We picked her up from her North East Valley abode and drove north, Stopping at Moeraki a long the way to eat an entire crayfish for an obscenely cheap price, we arrived in my beautiful hometown of Timaru just before our 5pm show. The sky was pink and the mountains waved as we poured ourselves into Hector Blacks Bar, our venue for the evening. Long rumoured to be Timaru’s secret swingers club, Hector Blacks is filled with curios and oddities, windy passages, and hidden compartments. There is more taxidermy in this bar than I have ever seen in my life and we read our poetry on a stage next to a very formal 200kg wild boar in a top hat. The boar suited our vibe perfectly. I only wish we could have had him at our other shows for emotional support.
Our Timaru show was by far our most well attended. Never underestimate the ability of proud parents to peer pressure their friends. Swarms of 50–60-year olds turned up to their first poetry ever to watch a man they once knew as a kid make dick jokes and complain about Jesus. Claudia framed the evening perfectly, telling an uncertain crowd that, even if they didn’t weren’t poetry fans when they arrived tonight, they will be when they leave.
The reading went well.
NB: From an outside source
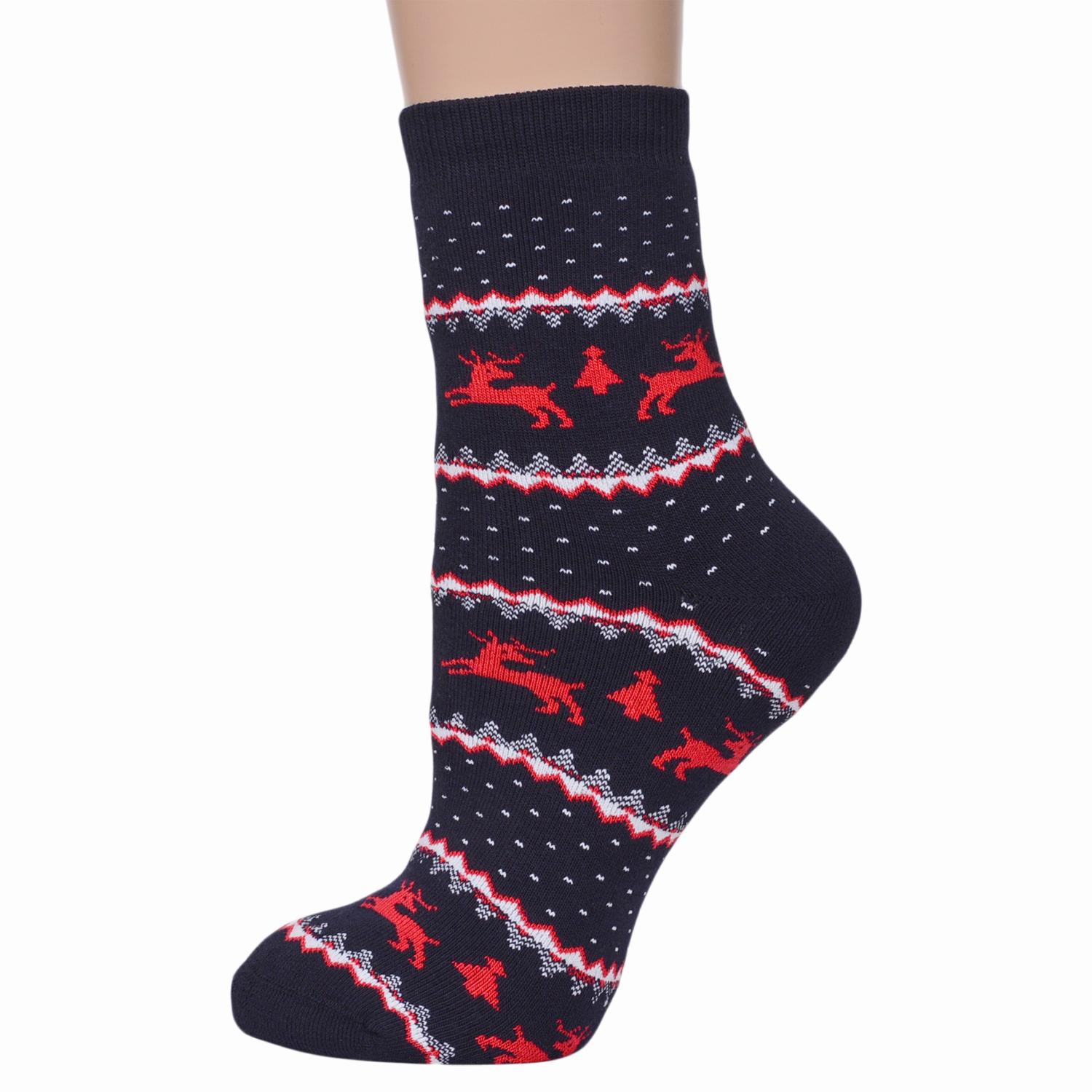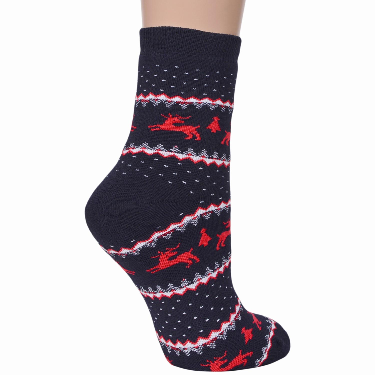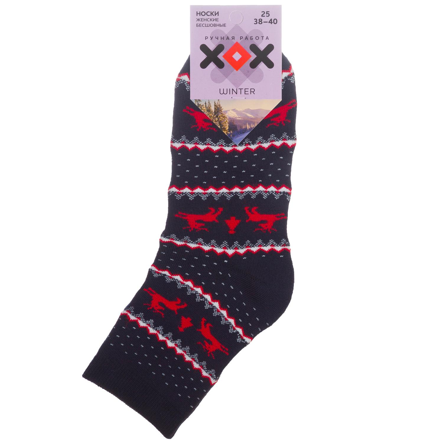 Зимние средней длины женские носки, цвет темно-синий, теплые, махровые, классические, возможно бесшовные, принт (рисунок): орнамент, норвежский жаккард, животные, с узором, крупные контрастные рисунки, состав: 80% хлопок, 18% полиамид, 2% эластан, арт. GZ-3R14. Производитель «ХОХ» Россия под брендом «Хох».

Liz Breslin only got into one fight with a retired accountant about capitalism. Timaru’s independent bookseller Renee told me my book is now the bestselling poetry book in Timaru. She then clarified that this is a “low bar”. My Dad’s mate Darryl admitted after a few Speight’s Summits that, even though he hated poetry his whole life, he’s now a convert. I couldn’t think of a better way to end the tour.
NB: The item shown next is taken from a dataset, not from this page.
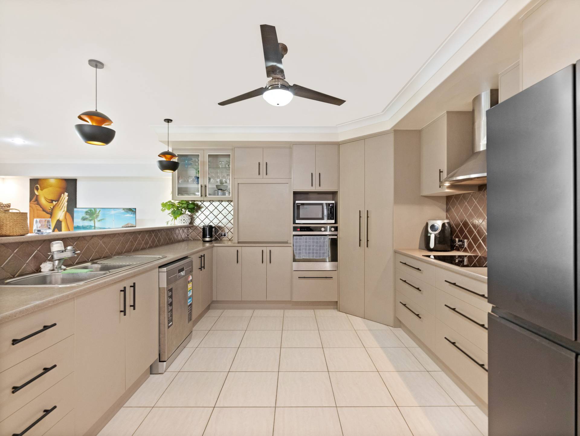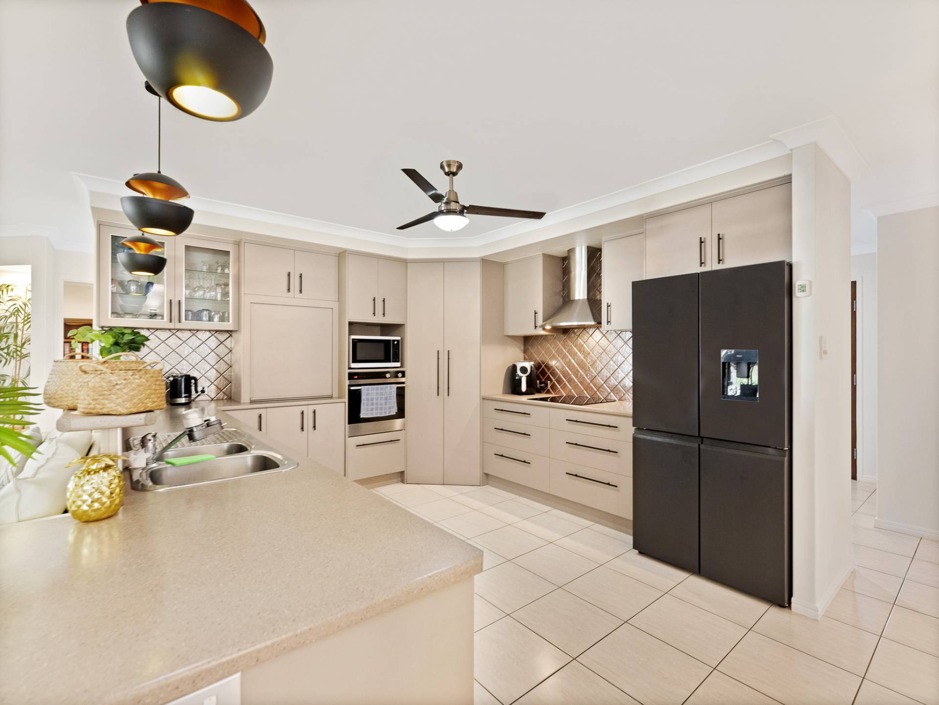 Showcase your culinary skills in the spacious, air-conditioned kitchen. Blending functionality and design it is truly the heart of the home. Offering plenty of storage and preparation space, walk in pantry, electric cooktop, dishwasher and overlooking the open plan living/dining area, even the most discerning home chef is bound to be impressed.

Everyone is Everyone Except You by Jordan Hamel (Dead Bird Books, $30), Meat Lovers by Rebecca Hawkes (Auckland University Press, $25) and AUP New Poets 7, featuring Claudia Jardine, Rhys Feeney and Ria Masae (Auckland University Press, $30) are available in bookstores nationwide.
ReadingRoom wishes bon voyage to Jordan Hamel on the eve of his departure to take up his Fulbright NZ General Graduate Award at the University of Michigan in Ann Arbor, Michigan, where he will complete a Masters of Fine Arts in Creative Writing.